Pio II foi em 1464 para a Santa Casa. Riera e Tursellini relataram esta visita da seguinte forma: Tendo convocado reis e príncipes cristãos para empreender uma nova cruzada contra os turcos, Pio II desejou estar presente na assembleia da frota em Ancona. O seu estado de saúde ao iniciar esta longa viagem não estava bem, o Papa recorreu à Virgem de Loreto; ofereceu a Nossa Senhora um cálice de ouro com uma inscrição recordando os milagres diários realizados na Santa Casa, e implorou à graciosa Mãe de Deus que curasse a febre que o consumia e a tosse que o esgotava. A Santíssima Virgem aceitou o presente. Mal o juramento saiu de seus lábios, a tosse cessou e a fervura diminuiu. Ele partiu em sua jornada e, quanto mais se aproximava de Loreto, mais suas forças voltavam. Ao chegar à Santa Casa, cumpriu seu voto na presença de vários Cardeais e barões romanos, como também de generais vindos de Ancona para encontrar Sua Santidade.
O Cardeal Pietro Barbo, gravemente atingido pela pestilência que se alastrou naquele ano em Ancona, a catorze milhas de Loreto, fez-se transportar à Santa Casa na esperança de obter a sua cura. Ele caiu em um sono suave dentro de suas paredes sagradas e, em seu sonho, teve uma visão e acordou totalmente restaurado. No mesmo ano, ao ser eleito Soberano Pontífice, como fora predito na visão, imediatamente escreveu uma Bula sobre a Santa Casa, na qual fala do que ele próprio havia experimentado em sua cura milagrosa. Esta primeira Bula de Paulo II traz a data de 1º de novembro de 1464 e contém as palavras: Onde estão a Casa e a Imagem da Bem-Aventurada Virgem Maria.
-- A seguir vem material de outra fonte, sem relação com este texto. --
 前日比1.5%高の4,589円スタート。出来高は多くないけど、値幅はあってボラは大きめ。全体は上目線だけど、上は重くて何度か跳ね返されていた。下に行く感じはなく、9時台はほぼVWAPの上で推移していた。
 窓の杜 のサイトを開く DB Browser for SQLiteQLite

Numa segunda Bula, datada de fevereiro de 1471, Paulo II diz: “Na Igreja da Bem-Aventurada Maria de Loreto, onde, segundo os testemunhos mais dignos de crédito, se conserva a Casa da gloriosa Virgem, e também a sua Imagem, trazida ali, na misericórdia de Deus pelas mãos dos anjos, vê-se, em consequência dos freqüentes e estupendos milagres que o Altíssimo ali opera diariamente, em virtude dos meritos e intercessão daquele glorioso Patrono em favor daqueles que recorrem a ela e implorando seu socorro com humildade, multidões de pessoas, entregues pela assistência desta soberana Protetora, vêm das partes mais distantes do universo.”
Sisto IV conferiu à Santa Casa o título de Alma Domus, significando que ela é digna de toda honra, por ser a Casa onde Maria criou seu divino Filho. Este nome afirma distintamente a sua identidade com a Santa Casa de Nazaré.
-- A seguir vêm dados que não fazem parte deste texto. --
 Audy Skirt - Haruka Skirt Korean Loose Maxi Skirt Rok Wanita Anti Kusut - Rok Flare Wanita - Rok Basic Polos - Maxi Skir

Júlio II visitou o Santuário, e, por Bula datada de 21 de outubro de 1507, aumentou seus privilégios pelos seguintes motivos: crença conforme à tradição, é o quarto em que a Santíssima Virgem foi concebida e criada; onde, na saudação Angélica, ela concebeu o Salvador do mundo; onde ela alimentou e criou seu Filho; onde ela se retirou para a oração após a Ascensão: considerando que esta é a primeira Igreja consagrada à honra de Deus e da Santíssima Virgem; que nela se celebrou a primeira Missa e que foi carregada por mãos angelicais de Nazaré, etc.”
Outros Romanos Pontífices falaram da Santa Casa em termos semelhantes. Eles nos asseguraram que “grandes, inumeráveis e contínuos milagres” foram operados lá durante seu pontificado, e que sempre foi reverenciado por todas as nações católicas. Os sucessores de São Pedro, animados pelo amor de Maria, fizeram esforços para aumentar o esplendor daquela morada humilde e gloriosa, onde a Rainha do Céu foi concebida, onde nasceu e foi criada, onde foi saudada como Mãe de Deus pelo Arcanjo Gabriel; eles tiveram um papel proeminente no início da construção da atual Basílica, em sua conclusão e adorno. Três Papas cercaram a Casa Natal da Virgem Imaculada em mármore branco, e um quarto ergueu as portas de bronze da catedral.
Por ordem de Sisto V, a fachada da Basílica ostenta a inscrição: “Casa da Mãe de Deus na qual o Verbo se fez carne”. Gregório XIII teve a relação escrita por Teramano traduzida em oito línguas. Clemente VIII visitou o Santuário e colocou do lado de fora da extremidade leste da Santa Casa outro relato de suas Translações milagrosas.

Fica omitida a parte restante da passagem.